LISTED ENTRIES:

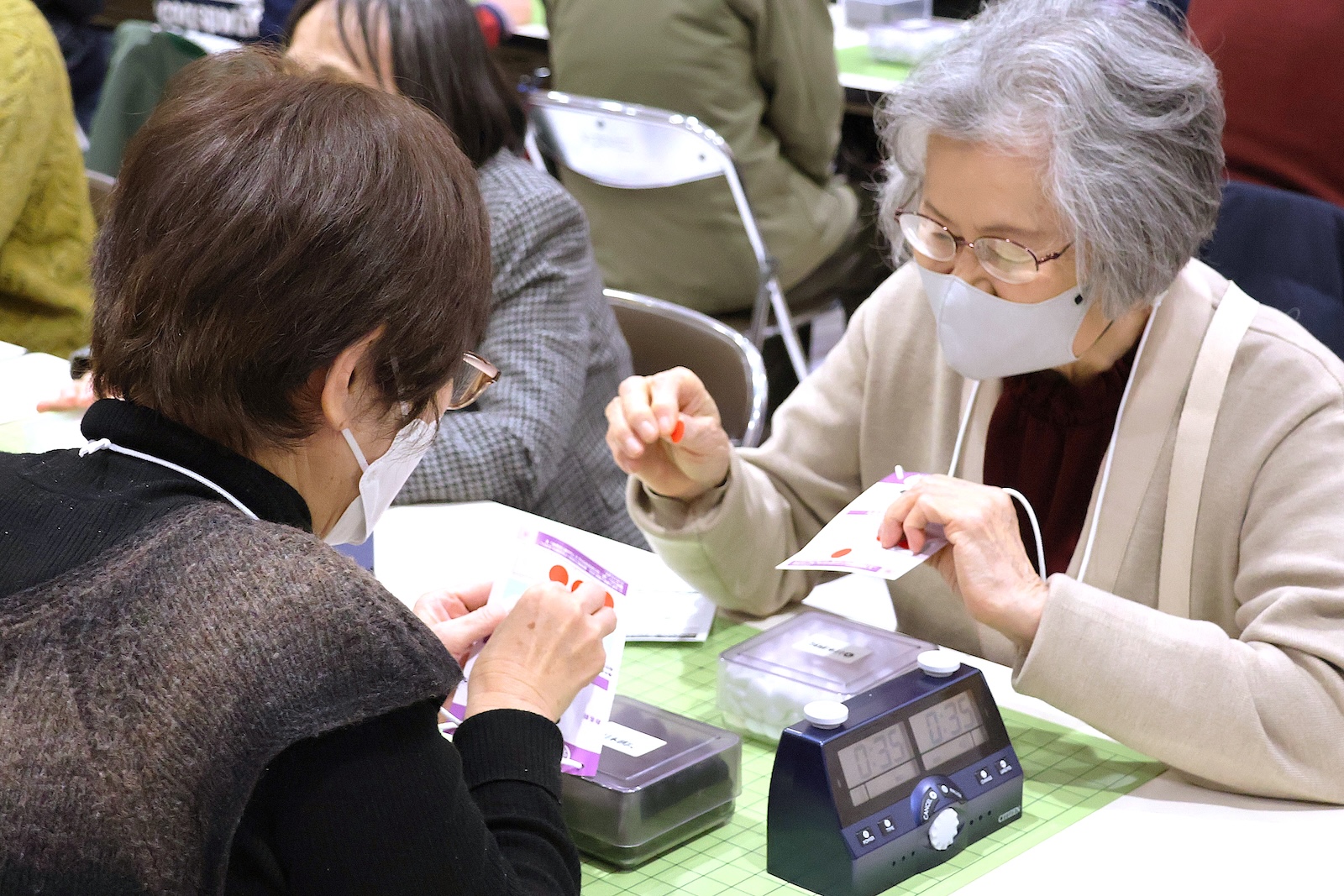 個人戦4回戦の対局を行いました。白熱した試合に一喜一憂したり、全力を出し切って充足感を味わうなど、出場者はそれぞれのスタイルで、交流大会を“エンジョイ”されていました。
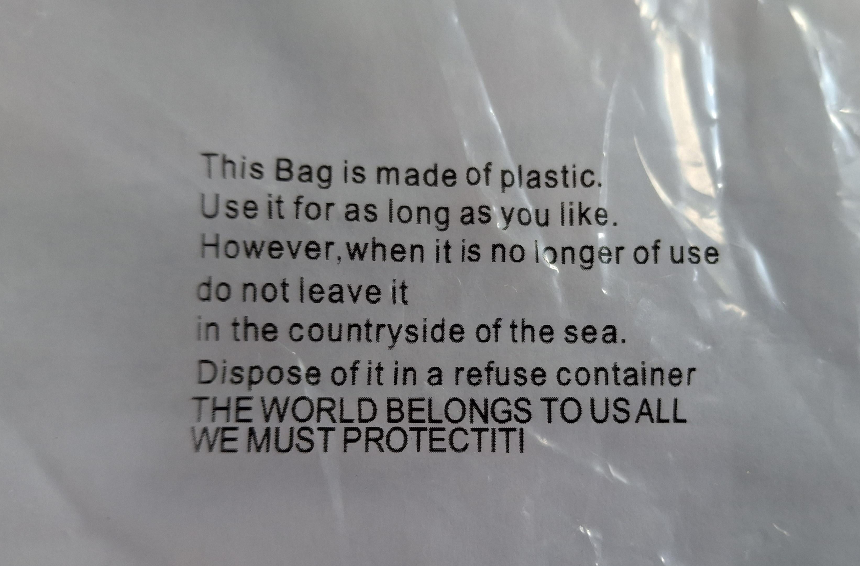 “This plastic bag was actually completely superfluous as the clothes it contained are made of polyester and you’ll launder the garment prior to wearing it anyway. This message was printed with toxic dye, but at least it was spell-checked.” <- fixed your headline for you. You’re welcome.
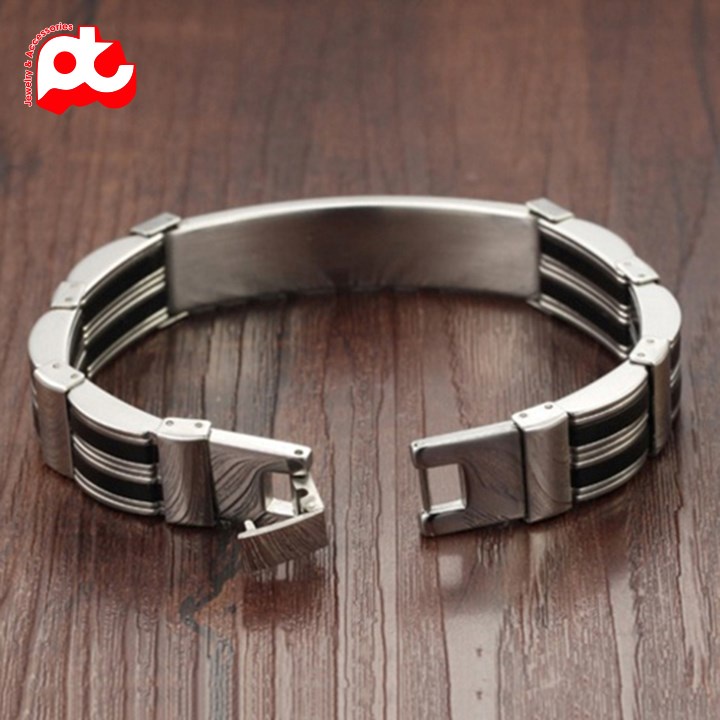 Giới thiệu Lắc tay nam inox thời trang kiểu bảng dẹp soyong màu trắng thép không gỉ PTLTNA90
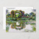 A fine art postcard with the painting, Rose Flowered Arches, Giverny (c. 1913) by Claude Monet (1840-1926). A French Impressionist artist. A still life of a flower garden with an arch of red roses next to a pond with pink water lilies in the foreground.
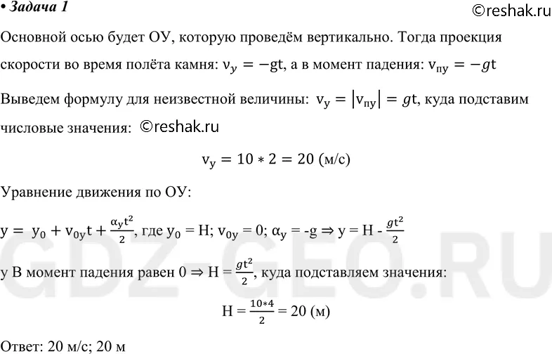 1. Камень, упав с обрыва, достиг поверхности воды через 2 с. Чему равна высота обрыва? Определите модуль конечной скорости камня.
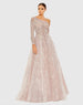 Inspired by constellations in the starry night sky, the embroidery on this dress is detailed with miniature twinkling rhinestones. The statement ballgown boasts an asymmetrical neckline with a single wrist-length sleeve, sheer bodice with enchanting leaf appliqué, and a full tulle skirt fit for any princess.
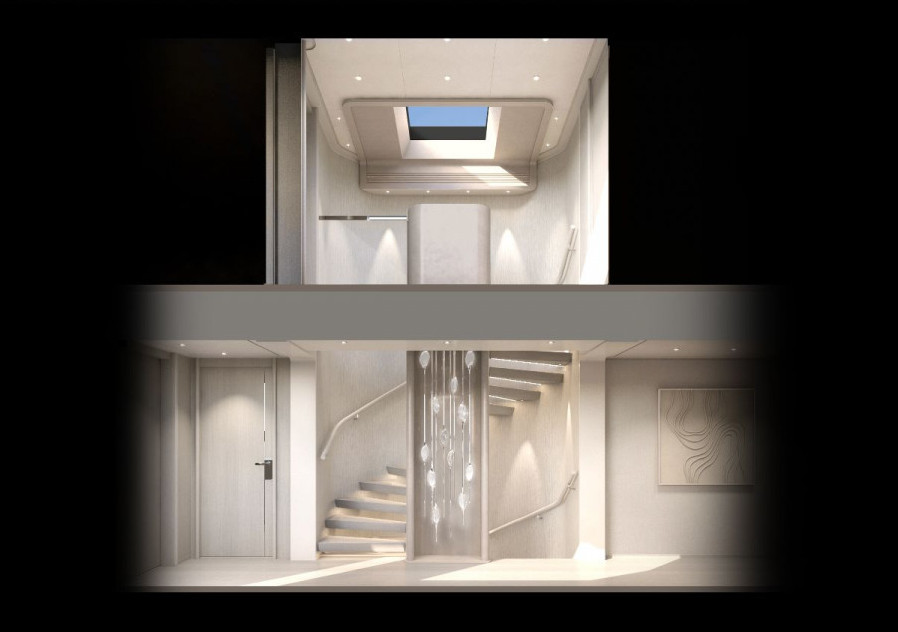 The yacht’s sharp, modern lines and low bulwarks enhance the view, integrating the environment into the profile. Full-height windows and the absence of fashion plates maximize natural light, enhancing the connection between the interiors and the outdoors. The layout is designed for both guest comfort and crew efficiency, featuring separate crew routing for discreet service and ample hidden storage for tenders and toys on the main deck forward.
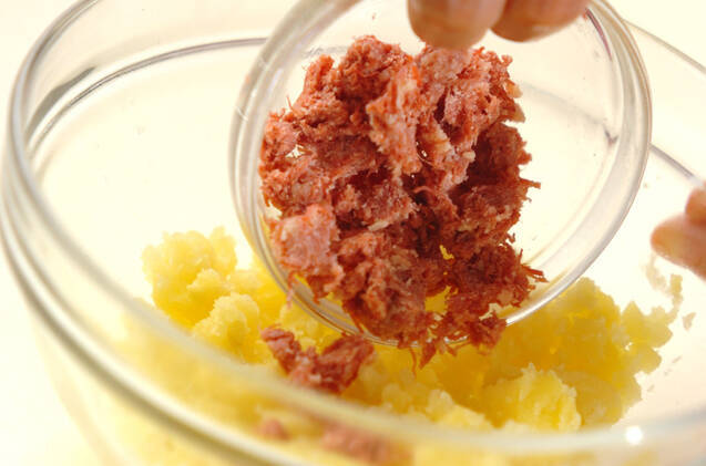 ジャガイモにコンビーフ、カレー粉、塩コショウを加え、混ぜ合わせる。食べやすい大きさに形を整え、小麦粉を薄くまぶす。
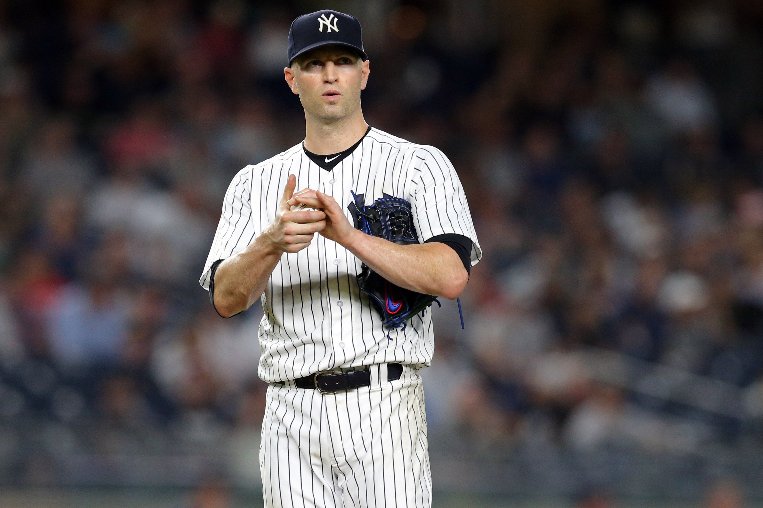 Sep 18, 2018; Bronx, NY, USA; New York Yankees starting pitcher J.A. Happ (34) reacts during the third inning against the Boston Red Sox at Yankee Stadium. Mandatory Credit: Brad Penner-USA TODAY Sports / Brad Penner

EXERCISE OBJECTIVE:
Print the material verbatim; drop the pictures.

ANSWER SECTION:
 個人戦4回戦の対局を行いました。白熱した試合に一喜一憂したり、全力を出し切って充足感を味わうなど、出場者はそれぞれのスタイルで、交流大会を“エンジョイ”されていました。
 “This plastic bag was actually completely superfluous as the clothes it contained are made of polyester and you’ll launder the garment prior to wearing it anyway. This message was printed with toxic dye, but at least it was spell-checked.” <- fixed your headline for you. You’re welcome.
 Giới thiệu Lắc tay nam inox thời trang kiểu bảng dẹp soyong màu trắng thép không gỉ PTLTNA90
 A fine art postcard with the painting, Rose Flowered Arches, Giverny (c. 1913) by Claude Monet (1840-1926). A French Impressionist artist. A still life of a flower garden with an arch of red roses next to a pond with pink water lilies in the foreground.
 1. Камень, упав с обрыва, достиг поверхности воды через 2 с. Чему равна высота обрыва? Определите модуль конечной скорости камня.
 Inspired by constellations in the starry night sky, the embroidery on this dress is detailed with miniature twinkling rhinestones. The statement ballgown boasts an asymmetrical neckline with a single wrist-length sleeve, sheer bodice with enchanting leaf appliqué, and a full tulle skirt fit for any princess.
 The yacht’s sharp, modern lines and low bulwarks enhance the view, integrating the environment into the profile. Full-height windows and the absence of fashion plates maximize natural light, enhancing the connection between the interiors and the outdoors. The layout is designed for both guest comfort and crew efficiency, featuring separate crew routing for discreet service and ample hidden storage for tenders and toys on the main deck forward.
 ジャガイモにコンビーフ、カレー粉、塩コショウを加え、混ぜ合わせる。食べやすい大きさに形を整え、小麦粉を薄くまぶす。
 Sep 18, 2018; Bronx, NY, USA; New York Yankees starting pitcher J.A. Happ (34) reacts during the third inning against the Boston Red Sox at Yankee Stadium. Mandatory Credit: Brad Penner-USA TODAY Sports / Brad Penner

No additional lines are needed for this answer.